• [INPUT FOR THIS TASK]:
######
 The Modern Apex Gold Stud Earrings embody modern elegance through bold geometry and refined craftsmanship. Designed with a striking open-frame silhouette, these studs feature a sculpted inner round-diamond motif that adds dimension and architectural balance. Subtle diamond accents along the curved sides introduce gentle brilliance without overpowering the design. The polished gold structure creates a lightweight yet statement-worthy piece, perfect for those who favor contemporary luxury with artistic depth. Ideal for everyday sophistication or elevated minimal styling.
######
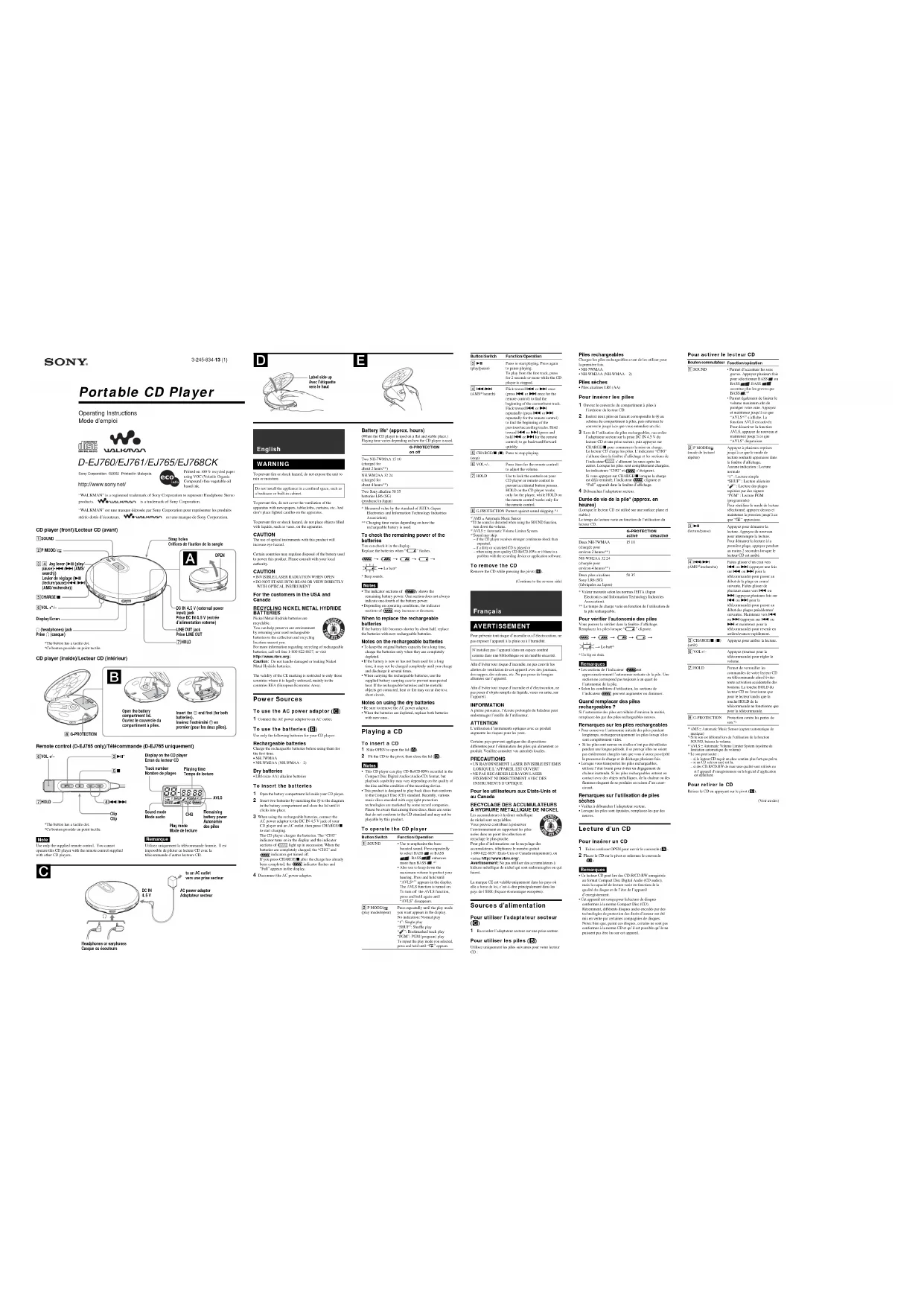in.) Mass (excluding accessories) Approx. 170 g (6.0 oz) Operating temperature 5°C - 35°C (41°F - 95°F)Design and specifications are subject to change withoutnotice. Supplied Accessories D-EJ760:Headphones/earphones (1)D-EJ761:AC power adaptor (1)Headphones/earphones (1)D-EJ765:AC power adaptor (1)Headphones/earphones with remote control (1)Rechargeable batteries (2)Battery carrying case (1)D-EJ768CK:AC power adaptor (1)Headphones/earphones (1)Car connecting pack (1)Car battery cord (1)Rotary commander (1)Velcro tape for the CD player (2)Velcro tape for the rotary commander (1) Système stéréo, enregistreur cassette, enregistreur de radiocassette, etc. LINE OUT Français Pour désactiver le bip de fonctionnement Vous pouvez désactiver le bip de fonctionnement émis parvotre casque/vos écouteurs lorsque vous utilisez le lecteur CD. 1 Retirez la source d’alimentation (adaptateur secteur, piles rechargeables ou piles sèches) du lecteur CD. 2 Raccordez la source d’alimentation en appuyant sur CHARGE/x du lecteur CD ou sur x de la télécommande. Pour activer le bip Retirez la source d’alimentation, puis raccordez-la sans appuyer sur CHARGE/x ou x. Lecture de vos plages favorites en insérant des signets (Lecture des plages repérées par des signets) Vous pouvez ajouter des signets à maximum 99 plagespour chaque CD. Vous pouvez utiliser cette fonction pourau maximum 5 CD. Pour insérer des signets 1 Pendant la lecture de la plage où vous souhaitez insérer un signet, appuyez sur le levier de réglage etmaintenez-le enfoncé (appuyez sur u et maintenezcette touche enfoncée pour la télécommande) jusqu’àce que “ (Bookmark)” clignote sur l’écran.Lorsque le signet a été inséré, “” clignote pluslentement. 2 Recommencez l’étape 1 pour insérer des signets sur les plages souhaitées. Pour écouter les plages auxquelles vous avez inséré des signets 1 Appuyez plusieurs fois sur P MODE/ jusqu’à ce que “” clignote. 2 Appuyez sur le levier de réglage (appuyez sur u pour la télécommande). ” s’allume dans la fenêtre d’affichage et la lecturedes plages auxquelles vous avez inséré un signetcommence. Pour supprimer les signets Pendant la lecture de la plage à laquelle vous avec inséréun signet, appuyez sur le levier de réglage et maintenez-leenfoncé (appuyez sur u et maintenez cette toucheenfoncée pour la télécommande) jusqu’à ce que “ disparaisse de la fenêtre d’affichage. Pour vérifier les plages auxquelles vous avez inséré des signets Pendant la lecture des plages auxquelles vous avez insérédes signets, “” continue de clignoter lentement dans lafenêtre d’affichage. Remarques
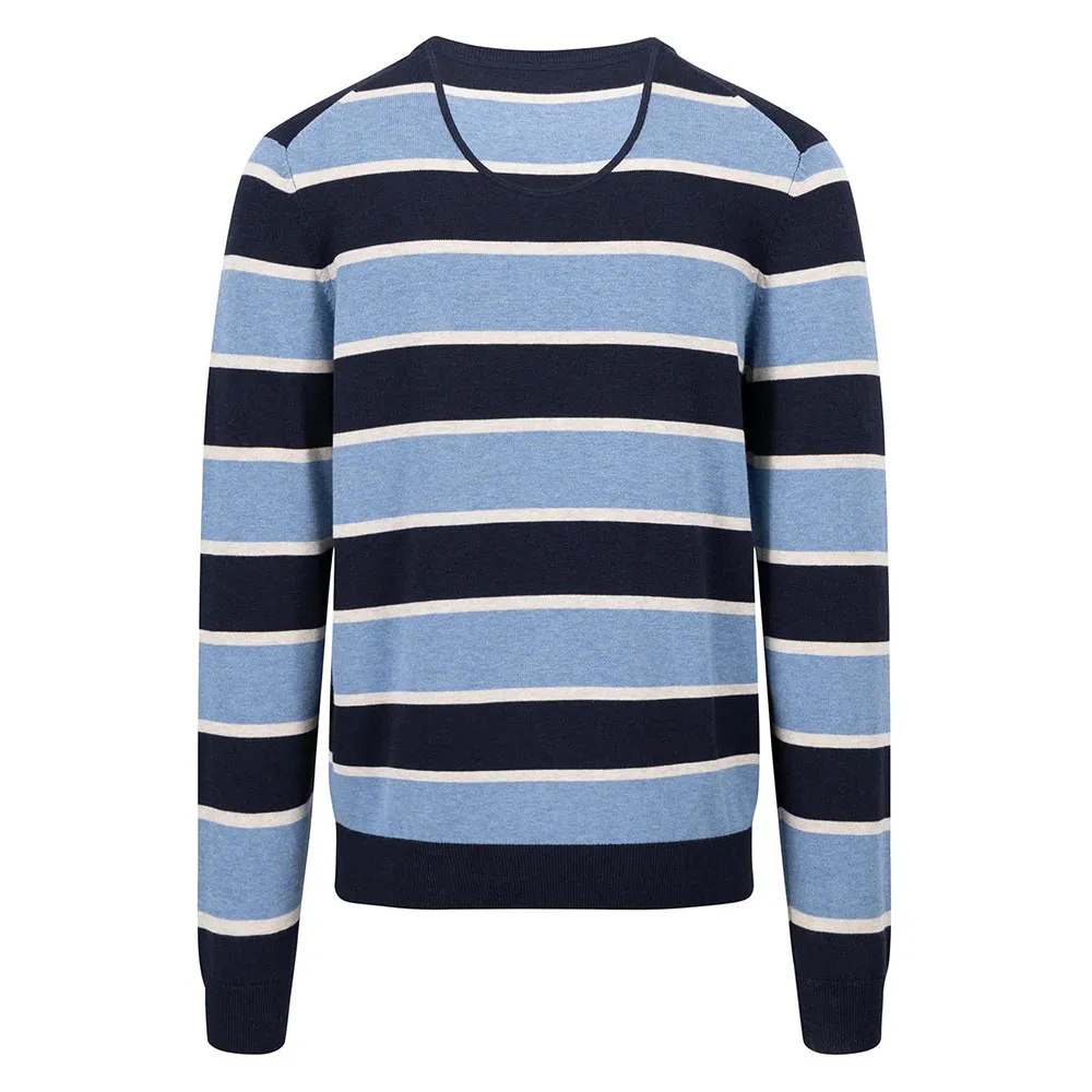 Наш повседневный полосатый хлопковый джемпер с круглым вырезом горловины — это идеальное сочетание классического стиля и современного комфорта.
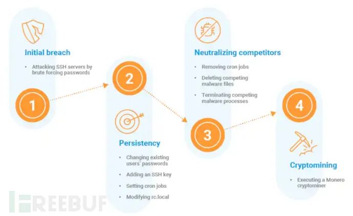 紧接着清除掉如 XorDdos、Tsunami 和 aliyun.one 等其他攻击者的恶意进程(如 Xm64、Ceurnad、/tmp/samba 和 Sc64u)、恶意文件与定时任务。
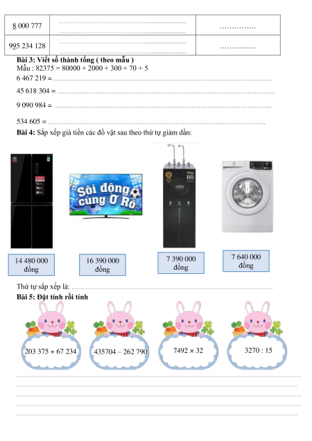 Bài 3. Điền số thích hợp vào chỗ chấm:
######
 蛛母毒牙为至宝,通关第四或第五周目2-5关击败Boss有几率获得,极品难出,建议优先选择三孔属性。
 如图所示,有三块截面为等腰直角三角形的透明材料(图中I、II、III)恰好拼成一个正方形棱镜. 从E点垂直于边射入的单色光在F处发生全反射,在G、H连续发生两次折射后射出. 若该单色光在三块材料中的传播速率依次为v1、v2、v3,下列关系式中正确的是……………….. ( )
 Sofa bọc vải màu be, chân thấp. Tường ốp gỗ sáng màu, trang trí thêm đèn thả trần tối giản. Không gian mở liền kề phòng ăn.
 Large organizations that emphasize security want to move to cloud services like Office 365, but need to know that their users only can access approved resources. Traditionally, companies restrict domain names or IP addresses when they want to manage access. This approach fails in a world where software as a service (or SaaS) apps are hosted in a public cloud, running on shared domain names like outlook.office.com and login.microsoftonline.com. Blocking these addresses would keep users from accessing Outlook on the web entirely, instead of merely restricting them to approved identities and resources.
######
• [PROMPT]: With the pictures omitted, restate word for word the lines above from the line that has "Наш повседневный полосатый" up to and including the line that has "Bài 3. Điền", and no other lines.

• [WRITTEN SOLUTION]:
 Наш повседневный полосатый хлопковый джемпер с круглым вырезом горловины — это идеальное сочетание классического стиля и современного комфорта.
 紧接着清除掉如 XorDdos、Tsunami 和 aliyun.one 等其他攻击者的恶意进程(如 Xm64、Ceurnad、/tmp/samba 和 Sc64u)、恶意文件与定时任务。
 Bài 3. Điền số thích hợp vào chỗ chấm:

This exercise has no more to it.